International oncologist Professor Hope Rugo from the University of California, San Francisco, says the treatment is a welcome addition to the current range of breast cancer treatments available to Australian women.

"The key to better treatment is finding therapies that delay the advance of the tumour, improve patient survival outcomes and, in the case of those chemotherapies that require pre-medication with cortico-steroids, reducing cortico-steroid and solvent-related side effects. The published clinical data and clinical experience in the US suggests Abraxane is going to satisfy those criteria," said Professor Rugo.

About ABRAXANE ®

ABRAXANE is a solvent-free, nanoparticle chemotherapy treatment option for metastatic breast cancer. Developed using Abraxis BioScience's proprietary nabTM technology platform, ABRAXANE is a nanoparticle protein-bound chemotherapy agent, which combines paclitaxel with albumin, a naturally-occurring human protein, to deliver the drug and eliminate the need for solvents in the administration process. Nanoparticle technology allows ABRAXANE to delivery a 49% higher dose compared to regular solvent-based paclitaxel (Taxol®) without compromising safety and tolerability. In a previous randomized Phase III study of metastatic breast cancer patients, ABRAXANE demonstrated nearly double the overall tumor response rate compared to solvent-based paclitaxel and anthracycline pre-treated patients lived significantly longer4.

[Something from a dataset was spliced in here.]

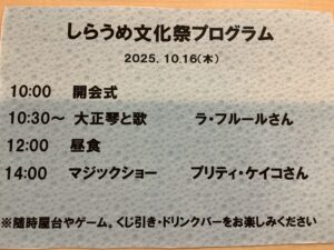 10月16日(木)に「しらうめ文化祭 2025」を開催し、利用者様、地域の方々と楽しい時間を過ごしました。

ABRAXANE is currently under Phase III investigation for the treatment of the following cancers: first-line metastatic breast, non-small cell lung, malignant melanoma, and metastatic pancreatic.

Abraxane is now approved in over 35 countries including the U.S., Canada, European Union and China, and more than 45,000 cancer patients have received Abraxane therapy in the past three years.

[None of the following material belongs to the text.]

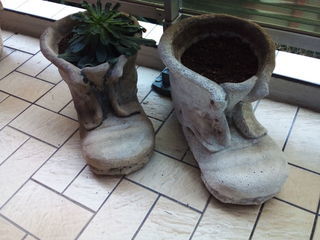 2 Chaussures en pierre pour décorer votre jardin ou votre balcon.

About Specialised Therapeutics, Pty Ltd

Specialised Therapeutics Australia Pty Ltd (STA) was established to identify and license innovative anti-cancer and other specialised therapies for the Australasian market. Abraxane is the first of such therapies. Based in Melbourne, Australia, the privately held company is currently negotiating the rights to several more important therapeutic agents for distribution in Australia and New Zealand.

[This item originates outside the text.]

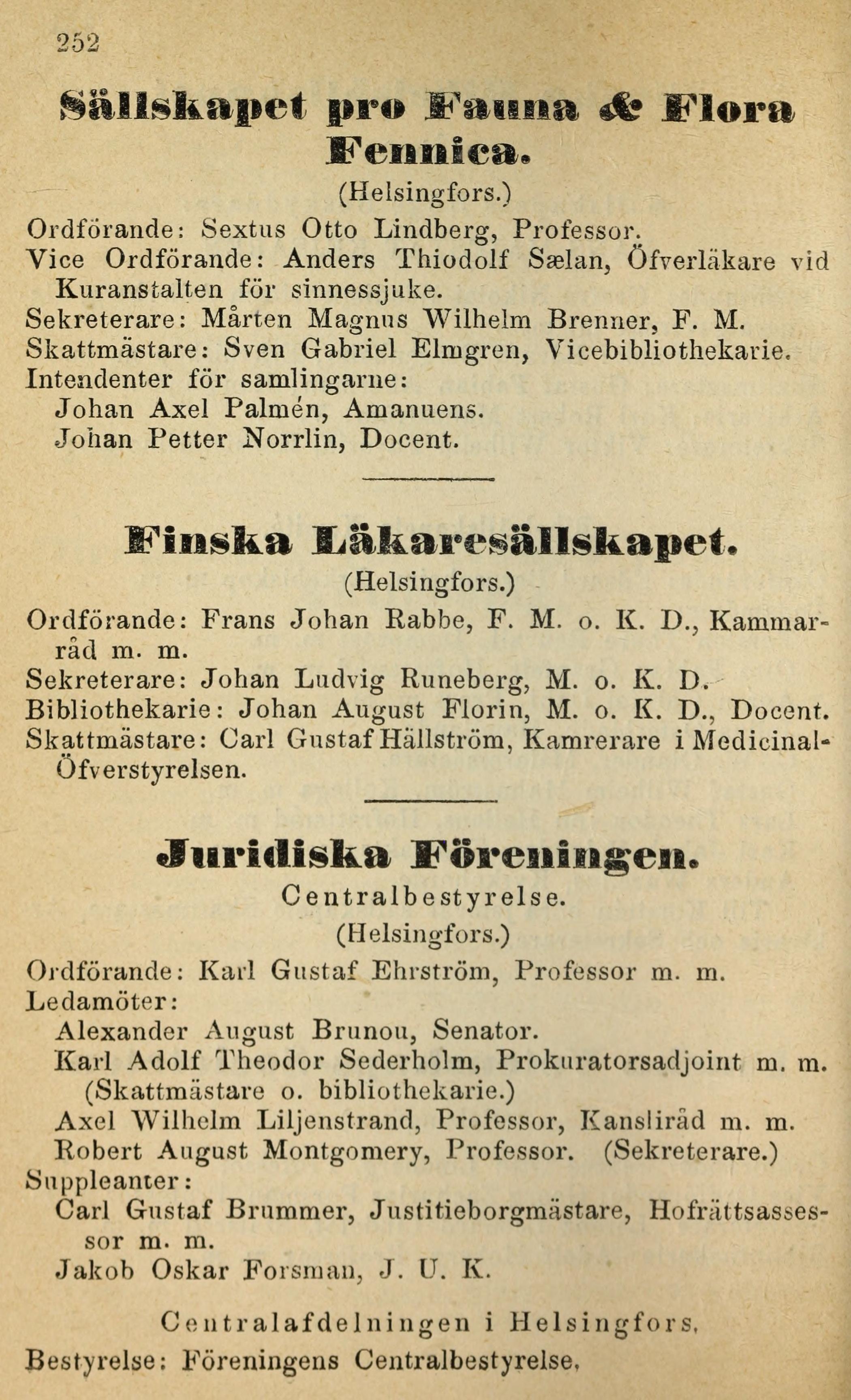 Ordförande: Sextus Otto Lindberg, Professor.

About Abraxis BioScience, Inc.

Abraxis BioScience is a fully integrated global biotechnology company dedicated to the discovery, development and delivery of next-generation therapeutics and core technologies that offer patients safer and more effective treatments for cancer and other critical illnesses. The company's portfolio includes the world's first and only protein-bound nanoparticle chemotherapeutic compound (ABRAXANE), which is based on the company's proprietary tumor targeting technology known as the nab® platform. The first FDA approved product to use this nab® platform, ABRAXANE, was launched in 2005 for the treatment of metastatic breast cancer. Abraxis trades on the NASDAQ Global Market under the symbol ABII. For more information about the company and its products, please visit www.abraxisbio.com.

PBS Indication: Authority Required. Metastatic breast cancer after failure of prior therapy which includes an anthracycline.